Pokie limit dumping: Tasmania loses

On Yahoo! “2012: The Year In Review” from ABC:  “Church anger over pokie  limit dumping

 Tasmania’s Anglican Church has compared the Government to a drug dealer profiting from addicts, after a parliamentary committee recommended against a $1 betting limit.

The House of Assembly Select Committee was swayed by the gambling industry’s contribution to gross state product and potential  revenue decline.

The Anglican Bishop of Tasmania John Harrower says he is horrified and disgusted.

“The Government too has become an addict,” he said.

“The Government too is living off money that is destroying people.

“It’s like living off the money of selling opium to opium addicts but what about the addicts?

“We’re continuing to downgrade and diminish our social capital.”

Committee chairman Kim Booth issued a dissenting statement.

The Greens MP says there is overwhelming evidence in favour of a $1 betting limit and the committee’s recommendation is unsound and unconscionable.

“Both Liberal and Labor have teamed up together to protect the pokie barons and their profit and no, doubt, their political donors,” Mr Booth said.

“I find it quite amoral that both Labor and Liberal would act in unison together to prevent a definite, effective harm minimisation strategy being brought in to protect those vulnerable people and their families.”

He says the Greens will proceed with legislation to enforce a one dollar betting limit, despite the recommendation.

Mission Australia state director, Noel Mundy, is disappointed:

“Somewhere in all this is we’ve lost the issue that this is affecting individual’s lives,” he said.

“There are so many stories that really touch the hearts of us all when we hear that people have become addicted and this was one way to help them and we’ve just stepped aside from that.”

The Australian Hotels Association’s Steve Old has welcomed the recommendation.

“We’re delighted and that’s the outcome we’ve been seeking for a long time for our operators,” he said.

“There’s obviously still a lot to go in the federal sphere in relation to gaming at the moment and obviously we’re working through that with our national counterparts but it’s great to see that pressure taken off at a state level.”

Tasmanians lost more than $200 million on poker machines last year.

Despite my optimism after engaging with the Parliamentary Committee: $1 Bet Limit  and further information detailing its harm Cost of Pokies on Tasmania, our Tasmanian community continues to be the loser.


Comments

Pokie limit dumping: Tasmania loses — 2 Comments

  1. The worship of chance and fortune is nothing new.

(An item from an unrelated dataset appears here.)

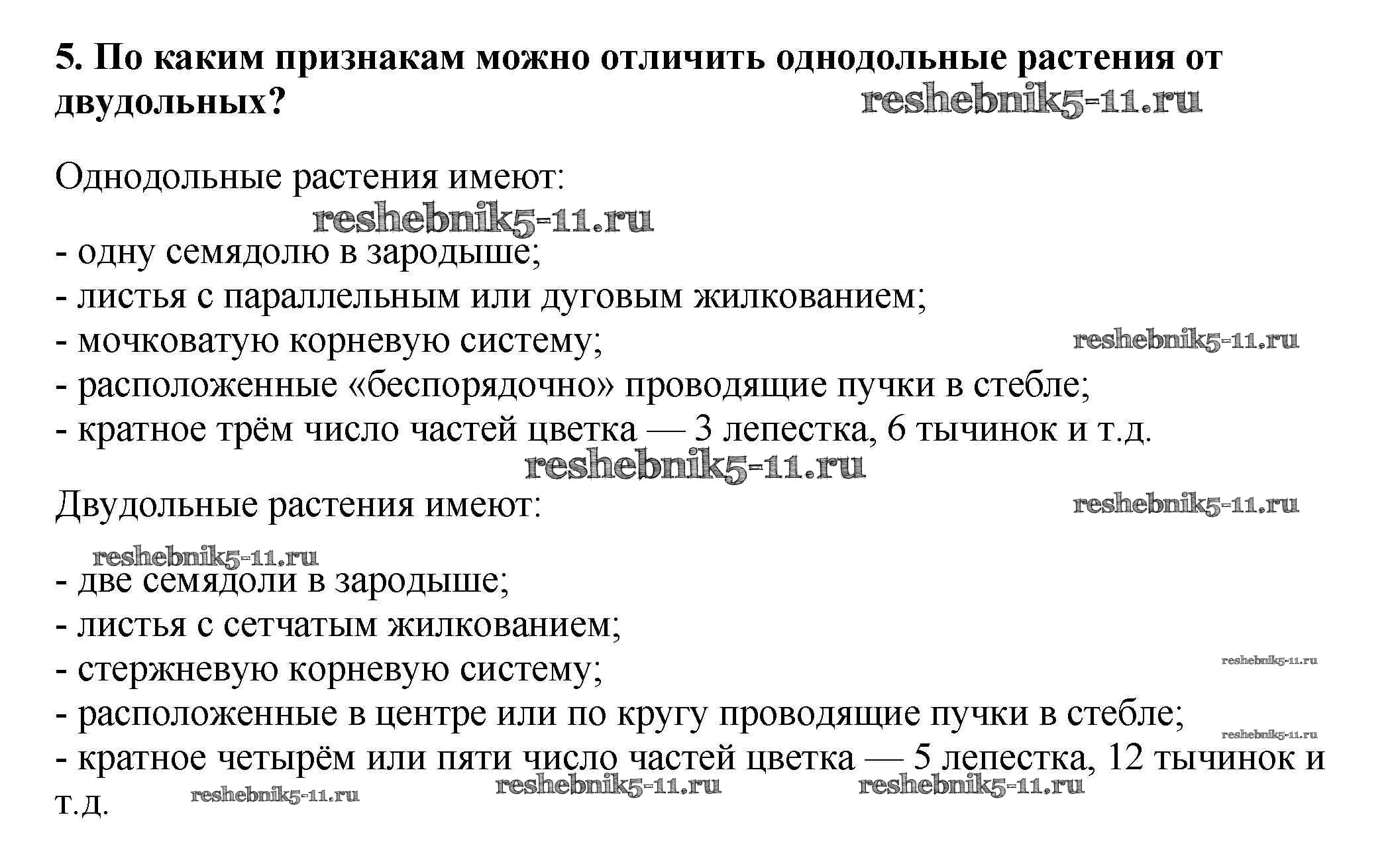 Готовая домашняя работа с ответами по Биологии за 6 класс Пасечник Учебник Вертикаль Дрофа 2014 ФГОС - Вопросы в конце параграфа 5

The Jewish religion had competition in the form of religions that worshipped chance and fortune as mentioned in Isaiah 65:11,12 (NSRV):
    “But you who forsake the Lord, who forget my holy mountain, who set a table for Fortune and fill cups of mixed wine for Destiny;

    I will destine you to the sword, and all of you shall bow down to the slaughter; because when I called, you did not answer, when I spoke, you did not listen, but you did what was evil in my sight, and chose what I did not delight in.”

    This passage is mentioned in “A Gambling-Led Recovery? – Don’t Bet on It” from the Church and Nation Committee, Presbyterian Church of Victoria. Chapter 2 “The Christian and Gambling – Applying Biblical Principles” by John Stasse at page 14. Stasse refers to “Gad” apparently a pagan deity corresponding to the Roman Fortuna or the Greek Tyche. Destiny was also known as “Meni”. The Romans loved Fortuna, just as they loved Mars.

  2. I appeared before the commitee and had private words with someone pro-reform who was on that commitee who told me of the interference by the Tas.Labour government in the whole movement forward to do with gambling reform. I myself had a meeting with the Premier on one occasion only to be told to the question of allowing a trial in Tasmania of the pre-commitment system, “What sort of government would we be if we went around breaking contracts with industry. No amount of pleading by myself and others, especially Kim Booth and Andrew Wilkie, has brought about any compassion on the government’s behalf. I have and will continue to work towards an abolition or strictest reforms of poker machines in Tasmania and then as a consequence, by good example, other states might follow. I support your stand wholeheartedly and urge you to continue to be the “complaining widow” as i am and which we know gets results. Thank you. stephen k menadue.